▶ **THE TASK**
Nothing but the lines from the top of the following entries through the line with "The Nelson Platform" should be printed, exactly as they are.

▶ **INPUT DATA**
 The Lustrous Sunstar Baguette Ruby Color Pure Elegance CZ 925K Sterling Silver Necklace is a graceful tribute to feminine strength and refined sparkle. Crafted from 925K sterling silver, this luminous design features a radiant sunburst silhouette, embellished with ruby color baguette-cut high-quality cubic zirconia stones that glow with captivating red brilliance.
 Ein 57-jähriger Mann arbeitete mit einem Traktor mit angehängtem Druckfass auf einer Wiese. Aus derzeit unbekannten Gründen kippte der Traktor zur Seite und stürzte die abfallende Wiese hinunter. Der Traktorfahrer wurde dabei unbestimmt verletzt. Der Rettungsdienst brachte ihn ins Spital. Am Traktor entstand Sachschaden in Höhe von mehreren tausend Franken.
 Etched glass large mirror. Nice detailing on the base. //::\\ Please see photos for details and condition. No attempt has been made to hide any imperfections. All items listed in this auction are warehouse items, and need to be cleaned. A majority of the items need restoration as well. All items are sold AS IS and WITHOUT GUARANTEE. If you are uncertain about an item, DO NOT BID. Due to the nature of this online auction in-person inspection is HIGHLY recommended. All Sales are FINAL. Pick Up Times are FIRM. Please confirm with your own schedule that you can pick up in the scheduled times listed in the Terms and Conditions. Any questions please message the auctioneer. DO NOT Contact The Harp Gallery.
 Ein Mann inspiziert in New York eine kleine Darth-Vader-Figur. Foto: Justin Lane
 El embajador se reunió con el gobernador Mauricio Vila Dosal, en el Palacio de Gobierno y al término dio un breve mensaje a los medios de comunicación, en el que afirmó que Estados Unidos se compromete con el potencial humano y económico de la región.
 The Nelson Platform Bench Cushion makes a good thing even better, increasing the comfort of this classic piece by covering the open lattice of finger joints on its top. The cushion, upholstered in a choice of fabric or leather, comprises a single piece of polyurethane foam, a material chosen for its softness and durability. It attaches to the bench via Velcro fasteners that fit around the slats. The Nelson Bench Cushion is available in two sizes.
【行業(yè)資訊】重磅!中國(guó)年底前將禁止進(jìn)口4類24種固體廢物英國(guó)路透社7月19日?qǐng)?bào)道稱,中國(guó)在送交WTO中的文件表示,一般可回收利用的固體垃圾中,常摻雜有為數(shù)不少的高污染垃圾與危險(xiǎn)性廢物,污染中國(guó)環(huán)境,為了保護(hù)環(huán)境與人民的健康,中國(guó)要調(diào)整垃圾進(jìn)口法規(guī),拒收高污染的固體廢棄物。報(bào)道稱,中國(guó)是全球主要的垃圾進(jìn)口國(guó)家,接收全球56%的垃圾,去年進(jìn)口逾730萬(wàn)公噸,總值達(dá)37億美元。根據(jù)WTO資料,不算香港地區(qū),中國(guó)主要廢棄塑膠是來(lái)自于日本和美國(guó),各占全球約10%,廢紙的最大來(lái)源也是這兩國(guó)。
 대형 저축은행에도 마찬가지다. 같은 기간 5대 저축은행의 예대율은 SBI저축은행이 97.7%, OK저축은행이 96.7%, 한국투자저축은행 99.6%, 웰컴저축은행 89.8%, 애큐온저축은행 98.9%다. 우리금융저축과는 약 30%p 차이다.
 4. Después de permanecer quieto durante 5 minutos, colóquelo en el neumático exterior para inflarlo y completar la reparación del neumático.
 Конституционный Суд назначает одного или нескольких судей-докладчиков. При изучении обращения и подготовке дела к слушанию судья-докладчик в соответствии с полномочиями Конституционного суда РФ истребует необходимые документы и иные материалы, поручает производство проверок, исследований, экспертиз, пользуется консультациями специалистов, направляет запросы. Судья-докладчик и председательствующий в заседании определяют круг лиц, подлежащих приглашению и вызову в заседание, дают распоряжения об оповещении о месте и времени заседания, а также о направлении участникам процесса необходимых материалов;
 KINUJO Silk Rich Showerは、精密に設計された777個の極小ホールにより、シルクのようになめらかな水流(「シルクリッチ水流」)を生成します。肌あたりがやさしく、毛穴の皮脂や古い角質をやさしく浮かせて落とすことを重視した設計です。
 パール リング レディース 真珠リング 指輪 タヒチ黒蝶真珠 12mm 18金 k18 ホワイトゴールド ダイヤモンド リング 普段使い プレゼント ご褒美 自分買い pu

▶ **TASK OUTPUT**
 The Lustrous Sunstar Baguette Ruby Color Pure Elegance CZ 925K Sterling Silver Necklace is a graceful tribute to feminine strength and refined sparkle. Crafted from 925K sterling silver, this luminous design features a radiant sunburst silhouette, embellished with ruby color baguette-cut high-quality cubic zirconia stones that glow with captivating red brilliance.
 Ein 57-jähriger Mann arbeitete mit einem Traktor mit angehängtem Druckfass auf einer Wiese. Aus derzeit unbekannten Gründen kippte der Traktor zur Seite und stürzte die abfallende Wiese hinunter. Der Traktorfahrer wurde dabei unbestimmt verletzt. Der Rettungsdienst brachte ihn ins Spital. Am Traktor entstand Sachschaden in Höhe von mehreren tausend Franken.
 Etched glass large mirror. Nice detailing on the base. //::\\ Please see photos for details and condition. No attempt has been made to hide any imperfections. All items listed in this auction are warehouse items, and need to be cleaned. A majority of the items need restoration as well. All items are sold AS IS and WITHOUT GUARANTEE. If you are uncertain about an item, DO NOT BID. Due to the nature of this online auction in-person inspection is HIGHLY recommended. All Sales are FINAL. Pick Up Times are FIRM. Please confirm with your own schedule that you can pick up in the scheduled times listed in the Terms and Conditions. Any questions please message the auctioneer. DO NOT Contact The Harp Gallery.
 Ein Mann inspiziert in New York eine kleine Darth-Vader-Figur. Foto: Justin Lane
 El embajador se reunió con el gobernador Mauricio Vila Dosal, en el Palacio de Gobierno y al término dio un breve mensaje a los medios de comunicación, en el que afirmó que Estados Unidos se compromete con el potencial humano y económico de la región.
 The Nelson Platform Bench Cushion makes a good thing even better, increasing the comfort of this classic piece by covering the open lattice of finger joints on its top. The cushion, upholstered in a choice of fabric or leather, comprises a single piece of polyurethane foam, a material chosen for its softness and durability. It attaches to the bench via Velcro fasteners that fit around the slats. The Nelson Bench Cushion is available in two sizes.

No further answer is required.